Supongo que cuando nuestro primer tatarabuelo se subió a lo alto del monte de A Curota y pudo comprobar las vistas de lo que es nuestro hogar, sin duda todavía mucho más hermosas que las de ahora, algo en su interior se removió hasta conmoverlo, tal es el efecto que provoca en nosotros la belleza. Aunque es un concepto absolutamente subjetivo y personal, todos la buscamos en nuestras vidas, ya sea en ese rostro que anhelas; en ese paisaje que te abstrae; en esa melodía que te subyuga o en esas palabras que te seducen.
Aunque en ocasiones lo olvidemos, vivimos por y para la belleza en todas sus formas y estados, en todas sus sonidos y silencios. Sin la belleza a nuestro alrededor somos tinieblas e incluso en la tiniebla misma alguna mente encuentra la hermosura.

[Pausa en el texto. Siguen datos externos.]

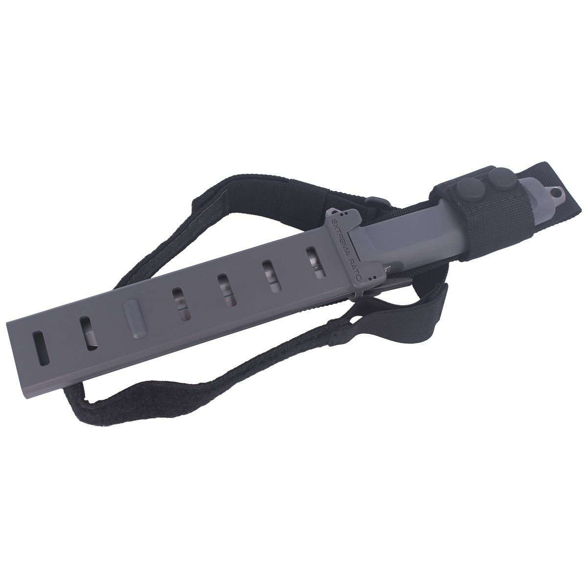 Sheath - lightweight, injection-molded shell made of impact-resistant reinforced Nylon. The minimalist holster protects the knife from falling out (snap with trigger lever), and the vibration-absorbing dampening system prevents the blade from rattling during movement. The symmetrical design allows the holster's handling to be adjusted for both right- and left-handed users by moving the trigger lever to the other side of the sheath. The universal openwork shell design open at the bottom reduces the weight of the kit and prevents water from collecting inside and reduces the weight of the kit. Reduced to a minimum nylon webbing allows the sheath to be quickly attached to the belt or under the webbing of the M.O.L.L.E. (Modular Lightweight Load-carrying Equipment) system. A Velcro-fastened lower sheath with a thigh band with rubber reinforcement prevents the sheath from moving on the thigh.

No se confundan, no me he mudado a ese campo de caramelos en el que habitan los escritores de autoayuda -esos gurús neutrales que de una boñiga hacen una manzana-, es solamente que esta semana me he dado cuenta de que, a pesar de vivir entre tanto ruido y confusión y viéndonos aún en el peor de los escenarios al que nos puedan someter las circunstancias, el cerebro siempre saca un segundo para admirar y analizar la belleza y ese segundo nos sana, al menos un instante.
Quizá esto que digo sea de Perogrullo para algunos de ustedes, espero que sepan disculparme y más aún, que sean legión los que me tachen de necio por no haber sido mucho antes consciente de este hecho. Estaba buscando la felicidad cuando debería haber buscado la belleza.